During her time in the hospital, her condition progressively worsened. Around mid-October 1955, her left leg became swollen and turned purple. After her family urged her to eat something, Sasaki requested tea on rice and remarked, "it's good". She then thanked her family, those being her last words. With her family and friends around her, Sasaki died on the morning of October 25, 1955, at the age of 12.

After her death, Sasaki's body was examined by the Atomic Bomb Casualty Commission (ABCC) for research on the effects of the atomic bomb on the human body before she was cremated.

==Memorials==
After her death, Sasaki's friends and schoolmates published a collection of letters in order to raise funds to build a memorial to her and all of the children who had died from the effects of the atomic bomb, including another Japanese girl Yoko Moriwaki. In 1958, a statue of Sasaki holding a golden crane was unveiled in the Hiroshima Peace Memorial Park. At the foot of the statue is a plaque that reads: "This is our cry. This is our prayer. Peace in the world." Every year during the Obon holiday, which is a holiday in Japan to remember the departed spirits of one's ancestors, thousands of people leave paper cranes near the statue. A paper crane database has been established online for contributors to leave a message of peace and to keep a record of those who have donated cranes.

Sasaki and the family have donated some of Sadako's cranes at places of importance around the world: in NYC at the National September 11 Memorial & Museum, at Pearl Harbor, Hawaii, at the Harry S. Truman Presidential Library and Museum on November 19, 2015, at Museum of Tolerance on May 26, 2016, and the Japanese American National Museum three days later. USS Arizona Memorial Crane Donation and President Truman Museum Donation helped by Clifton Truman Daniel, who is the grandson of President Truman. A statue of Sasaki was erected in the Seattle Peace Park before being stolen in July 2024. It remains missing.

Sasaki has become a leading symbol of the effects of nuclear war and has become an international symbol for peace and a peaceful world, especially during the ongoing 2022 Russian invasion of Ukraine.

Sasaki is also a heroine for many girls in Japan. Her story is told in some Japanese schools on the anniversary of the Hiroshima bombing. Dedicated to Sasaki, people all over Japan celebrate August 6 as the annual peace day.

Artist Sue DiCicco founded the Peace Crane Project in 2013 to celebrate Sasaki's legacy and connect students around the world in a vision of peace. DiCicco and Sasaki's brother co-wrote a book about Sasaki, The Complete Story of Sadako Sasaki, hoping to bring her true story to English speaking countries. Their website offers a study guide for students and an opportunity to "Ask Masahiro".

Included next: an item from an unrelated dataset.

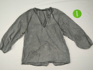 Bluzka damska oversize – jasnoszara - Krój: luźny, z obniżoną linią ramion; krótkie, szerokie rękawy z ozdobnymi napami/przyciskami na ramionach. - Dekolt: okrągły. - Ozdoba: aplikacja okrągła z l...

In Anchorage, Alaska, Sasaki’s legacy is honored through a permanent exhibit—“The Legacy of Sadako”—at the University of Alaska Anchorage (UAA) and Alaska Pacific University (APU) Consortium Library. The exhibit, opened on May 27, 2018, was organized in part by a delegation of students, including from Colony High School, Mat-Su College, and UAA, who visited Japan to meet Sasaki’s brother, Masahiro Sasaki.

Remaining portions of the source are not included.